IKATAN Jurnalis Televisi Indonesia (IJTI) Sulawesi Tengah mengecam
tindakan represif yang dilakukan anggota Polda Sulawesi Tengah. Korban, Andi Baso Hery sudah mengadukan kasus itu ke IJTI Sulteng.
Ketua IJTI Sulteng Rahman Odi menyatakan anggota polisi yang bersangkutan dinilai telah menciderai UU Nomor 40 Tahun 1999 Tentang Pers, yang menjamin kebebasan pers.
"Kami sangat menyangkan masih ada oknum polisi yang berlagak seperti
preman. Tindakan merampas alat kerja jurnalis, apalagi sampai menghapus
karya jurnalistik adalah bentuk pelanggaran hukum nyata terhadap
UU Pers," tegasnya, Kamis (18/11), di Palu
.
Menurut Odi, sikap tersebut sangat bertolak belakang dengan
profesionalitas Kepolisian dan Pers dalam menjalin kemitraan selama ini.
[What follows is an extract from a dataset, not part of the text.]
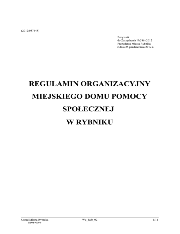 (2012/057448) Załącznik do Zarządzenia Nr586./2012 Prezydenta Miasta Rybnika z dnia 25 października 2012 r. REGULAMIN ORGANIZACYJNY MIEJSKIEGO DOMU POMOCY SPOŁECZNEJ W RYBNIKU Urząd Miasta Rybnika DDM 9000® Wz_Ryb_02 1/11 ROZDZIAŁ I POSTANOWIENIA OGÓLNE §1 Miejski Dom Pomocy Społecznej w Rybniku, zwany dalej „Domem” działa na podstawie Statutu nadanego Uchwałą Nr 252/XVIII/2004 Rady Miasta Rybnika z dnia 25 lutego 2004 r. ze zm. §2 1. Siedzibą Domu jest Miasto Rybnik. 2. Dom jest jednostką stałego pobytu przeznaczoną dla osób przewlekle somatycznie chorych i w podeszłym wieku. 3. Dom świadczy usługi o charakterze stacjonarnym i realizuje zadania Miasta Rybnika w zakresie potrzeb bytowych i zdrowotnych osób obojga płci. 4. Dom zapewnia mieszkańcom: 1) całodobową opiekę polegającą, m.in. na: udzielaniu pomocy w podstawowych czynnościach życiowych, pielęgnacji, pomocy w załatwianiu spraw osobistych, 2) miejsce zamieszkania, tzn. pokoje wyposażone w niezbędny sprzęt (łóżka, tapczany, szafy, półki nocne, stół, krzesła, wieszaki), 3) czystą pościel oraz środki do utrzymania higieny osobistej, 4) wyżywienie, 5) terapię usprawniającą ruch (kinezyterapię i fizykoterapię), 6) zajęcia terapeutyczne m.in. psychoterapię (indywidualną i grupową), socjoterapię, muzykoterapię, biblioterapię oraz terapię zajęciową, 7) spokój i bezpieczeństwo na terenie Domu oraz opiekę w czasie zajęć zorganizowanych poza Domem, 8) realizację potrzeb wyznaniowych (religijne), 9) kontakt osobisty lub listowny z rodziną, 10) bezpieczne przechowywanie powierzonych środków finansowych, 11) odzież i obuwie. ZASADY FUNKCJONOWANIA DOMU §3 1. W Domu przebywają osoby na podstawie skierowania Dyrektora Ośrodka Pomocy Społecznej w Rybniku. 2. Pobyt w Domu jest odpłatny zgodnie z przepisami ustawy o pomocy społecznej. 3. Mieszkańcy korzystają z własnej odzieży, pokoje mogą wyposażyć we własny sprzęt. 4. Posiłki spożywane są w jadalni – każdy mieszkaniec ma zapewnione miejsce przy stole. 5. Osoby chore – leżące spożywają posiłki w pokojach, gdy zachodzi konieczność są karmione. Urząd Miasta Rybnika DDM 9000® Wz_Ryb_02 2/11 6. W Domu organizuje się zajęcia propagujące aktywny tryb życia, w taki sposób, by każdy mieszkaniec mógł w nich uczestniczyć w miarę swoich możliwości, upodobań i stanu zdrowia. 7. Stwarza się optymalne warunki do przebywania mieszkańców na świeżym powietrzu. 8. W miarę możliwości Dom organizuje wycieczki dla swoich mieszkańców. 9. Mieszkańcy Domu traktowani są ze zrozumieniem i powagą. §4 Ustala się następujące zasady przebywania osób odwiedzających na terenie Domu: 1) odwiedziny mogą odbywać się codziennie w godzinach od 10.00 do 12.00 oraz od 14.00 do 18.00, 2) osoba odwiedzająca zgłasza swój pobyt na portierni, 3) osoba odwiedzająca podaje kogo z mieszkańców odwiedza, 4) odwiedziny mogą odbywać się w pokoju mieszkańca pod warunkiem, że zgodę na to wyrazi współlokator, 5) w sytuacji braku takiej zgody odwiedziny odbędą się w świetlicy lub innym pomieszczeniu ogólnodostępnym, 6) pracownicy Domu są uprawnieni do egzekwowania obowiązującego regulaminu Domu od osób odwiedzających mieszkańców, 7) zabrania się wnoszenia na teren Domu alkoholu i przebywania na terenie Domu osób pod wpływem alkoholu lub zachowujących się nieodpowiednio. PRAWA I OBOWIĄZKI MIESZKAŃCA DOMU §5 1. Mieszkaniec Domu ma prawo do: 1) podejmowania samodzielnych decyzji dotyczących jego osoby, 2) uzyskania pełnej informacji o przysługujących świadczeniach, 3) zachowania własnego poglądu do religii, praktykowania swojej religii, 4) uczestnictwa w obrzędach religijnych w środowisku, 5) przyjmowania krewnych i znajomych, 6) składania wniosków i skarg na niewłaściwe wykonywanie usług lub postępowanie osób należących do personelu Domu do Dyrektora Domu, 7) składania skarg na działalność Domu do organu prowadzącego Dom. 2. Mieszkaniec Domu ma obowiązek: 1) przestrzegania zasad współżycia z innymi mieszkańcami Domu, 2) dbania o higienę osobistą, wygląd zewnętrzny oraz porządek wokół siebie, 3) współdziałania z personelem Domu w celu zaspokojenia swoich potrzeb, 4) dbania o mienie Domu, 5) przestrzegania zaleceń wydawanych przez pracowników Domu, 6) przestrzegania przepisów porządkowych określonych w regulaminie. §6 1. Mieszkańcy mogą tworzyć Radę Mieszkańców. Urząd Miasta Rybnika DDM 9000® Wz_Ryb_02 3/11 2. Do kompetencji Rady Mieszkańców należy rozpatrywanie uwag i wniosków mieszkańców oraz reprezentacja ich interesów wobec kierownictwa Domu. 3. Członków Rady Mieszkańców powołuje się w drodze jawnego głosowania. 4. Rada Mieszkańców liczy od trzech do dziewięciu członków, przy czym zasadą jest wybór co najmniej jednego członka jako przedstawiciela każdego piętra Domu. 5. Rada Mieszkańców zbiera się co najmniej raz w miesiącu. ROZDZIAŁ II STRUKTURA ORGANIZACYJNA DOMU §7 1. Dom działa w strukturach organizacyjnych Miasta Rybnika. 2. Domem kieruje Dyrektor odpowiedzialny za właściwe jego funkcjonowanie oraz pracę wszystkich zatrudnionych pracowników, wobec których pełni rolę bezpośredniego przełożonego. 3. W skład struktury organizacyjnej Domu wchodzą następujące działy, dla których ustalono symbole literowe: 1) Dyrektor Domu……………………………………………………………..D 2) Główny księgowy………………………………………………………......GK 3) Dział pielęgnacyjno - opiekuńczo - rehabilitacyjny………………………...POR 4) Dział terapeutyczno - socjalny………..…………………………………….TS 5) Dział finansowo - księgowy…………………………………………………FK 6) Dział gospodarczo - techniczny……………………………………………..GT 7) Dział żywienia………………

"Kami tidak setuju terhadap perlakuan oknum polisi seperti itu. Padahal
sejauh ini Polda Sulteng sudah membangun komunikasi yang baik dengan
media dan para Jurnalis," tegas Odi.
Sebagai pimpinan organisasi, Odi menegaskan, IJTI Sulteng selalu
berupaya mewujudkan hubungan harmonis antara insan pers, khususnya
anggota IJTI, dengan pihak Kepolisian.
"Secara organisasi kami juga terus mengingatkan kepada teman-teman
jurnalis televisi, untuk selalu membangun komunikasi yang baik dalan
setiap peliputan, dalam waktu dan situasi apapun, agar informasi atau
pemberitaan yang kita hasilkan selalu kredibel dan berkualitas, tentunya bermanfaat untuk masyarakat luas," tandas Odi.
Penegasan IJTI Sulteng itu diungkapkan menyusul peristiwa yang terjadi pada Kamis, 18 November 2021, siang di Kabupaten Banggai, Sulawesi Tengah. Anggota polisi yang bersangkutan ikut serta bersama rombongan Kapolda Sulteng Irjen Rudy Sufahriadi melakukan kunjungan kerja di Banggai.
Sang anggota membentak jurnalis televisi Andi Baso Hery, yang bekerja untuk stasiun televisi nasional TVOne. Ia dipaksa untuk menghapus seluruh gambar dokumentasi yang direkamnya dalam acara yang dihadiri Kapolda Sulteng.
Pelaku membentak dan memperlakukan Andi Baso Hery secara tidak wajar di Aula Kantor Mapolres Banggai.
Kejadian itu bermula saat kunjungan Kapolda Sulteng di Mapolres Banggai untuk memberikan arahan kepada personel Polres Banggai, sesuai melakukan kunjungan program gerai vaksin di Desa Tangkian, Kecamatan Kintom.
Sebelum Kapolda memberikan arahan kepada Personel Polres Banggai, Andi
Baso Hery diketahui telah mengambil gambar dokumentasi sebagai gambar
pendukung. Setelah itu ia diminta keluar ruangan karena arahan
internal di ruang aula akan di mulai.
Tetapi saat sudah berada diluar ruangan, Andi Baso Hery disusul oleh anggota yang bersangkutan. Dengan kasar ia membentak dan menyuruh Andi untuk menghapus seluruh gambar dokumentasi yang sudah direkam dari ponselnya.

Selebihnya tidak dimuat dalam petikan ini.